L'air était presque étouffant. J'étais accroupie, et la paille me chatouillait les jambes. Il faisait assez sombre aussi. Mais je pouvais quand même voir la poule sur son nid. Elle était à un mètre cinquante de moi, environ, et ne se doutait absolument pas de ma présence. Le moindre mouvement de ma part, et tout aurait été gâché. Je me tenais donc parfaitement immobile. La poule aussi. Bientôt, elle se souleva tout doucement. Elle me tournait le dos, et, en me penchant en avant, je vis un objet rond et blanc qui émergeait peu à peu des plumes entre ses deux pattes. L'objet grossit. Soudain, la poule remua son derrière et - plop ! - il atterrit sur la paille : je venais d'assister en direct à la ponte d'un oeuf. Avec des gloussements de victoire, la poule secoua ses plumes, déplaça l'oeuf à l'aide de son bec, puis sortit du poulailler en se pavanant. Malgré mes jambes engourdies, je me précipitai tout excitée hors du poulailler et courus jusqu'à la maison. Maman était sur le point d'appeler la police. Elle m'avait cherchée pendant des heures et n'imaginait pas que j'avais pu passer tout ce temps accroupie dans le poulailler.

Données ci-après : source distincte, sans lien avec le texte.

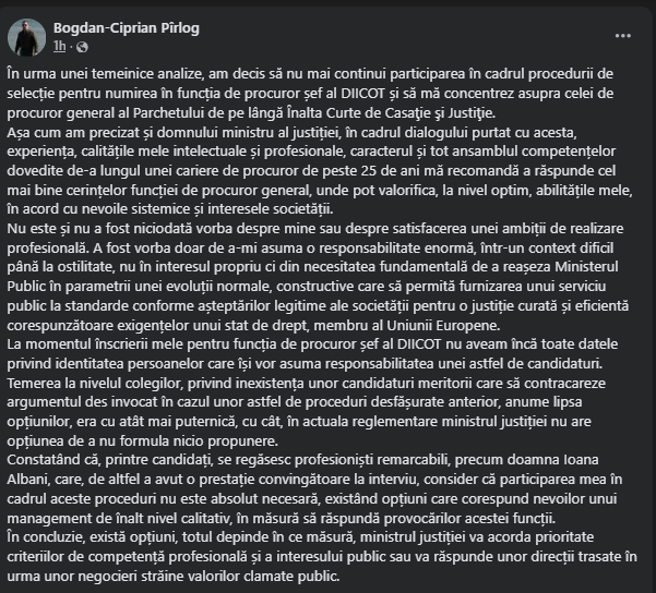 Procurorul militar Bogdan Pîrlog a anunțat pe social-media că se retrage din procedura de selecție pentru funcția de procuror-șef al Direcției de Investigare a Infracțiunilor de Criminalitate Organizată și Terorism (DIICOT). Acesta a precizat că rămâne în cursa pentru funcția de procuror general al Parchetului de pe lângă Înalta Curte de Casație și Justiție din cadrul Ministerului Public.
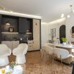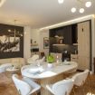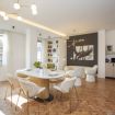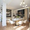 A spacious living-dining room with an open, integrated kitchen. A clean, functional space equipped with high-end appliances, ideal for group dinners in a stylish setting.
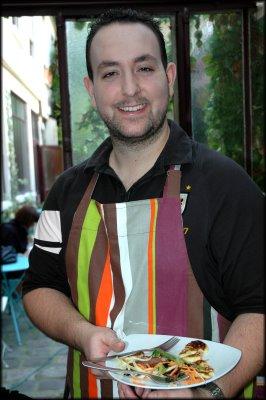 Yann très content de la réalisation de son plat vient nous le faire goûter. Et devinez quoi ? C'est un régal !

Ce fut là ma première observation sérieuse du comportement des animaux. J'avais cinq ans... et beaucoup de chance car ma mère était très compréhensive ! Au lieu de se mettre en colère parce que je l'avais effrayée, elle voulut que je lui raconte en détail la merveilleuse chose dont j'avais été témoin. Malgré mon très jeune âge à cette époque, j'ai beaucoup de souvenirs se rapportant à cette expérience. Je me rappelle ma perplexité au sujet des oeufs : sur une poule, où donc se trouvait-il une ouverture assez grande pour laisser sortir un oeuf ? Je ne sais plus si j'ai posé la question autour de moi. Si oui, personne ne m'a donné de réponse. J'ai donc décidé d'éclaircir ce mystère moi-même. Je me rappelle m'être dit un jour, en voyant une poule entrer dans le poulailler : «Ah, maintenant je vais la suivre, et je vais voir ce qui se passe.» Et je me rappelle aussi la fuite de la poule avec des caquètements d'horreur, lorsqu'elle m'a vue entrer à mon tour. De toute évidence, cette méthode n'était pas la bonne. Il me fallait entrer dans le poulailler la première et attendre qu'une poule se décide à venir pondre son oeuf. C'est la raison pour laquelle je dus rester si longtemps à l'intérieur du poulailler. Il faut être patient si l'on veut apprendre à connaître les animaux.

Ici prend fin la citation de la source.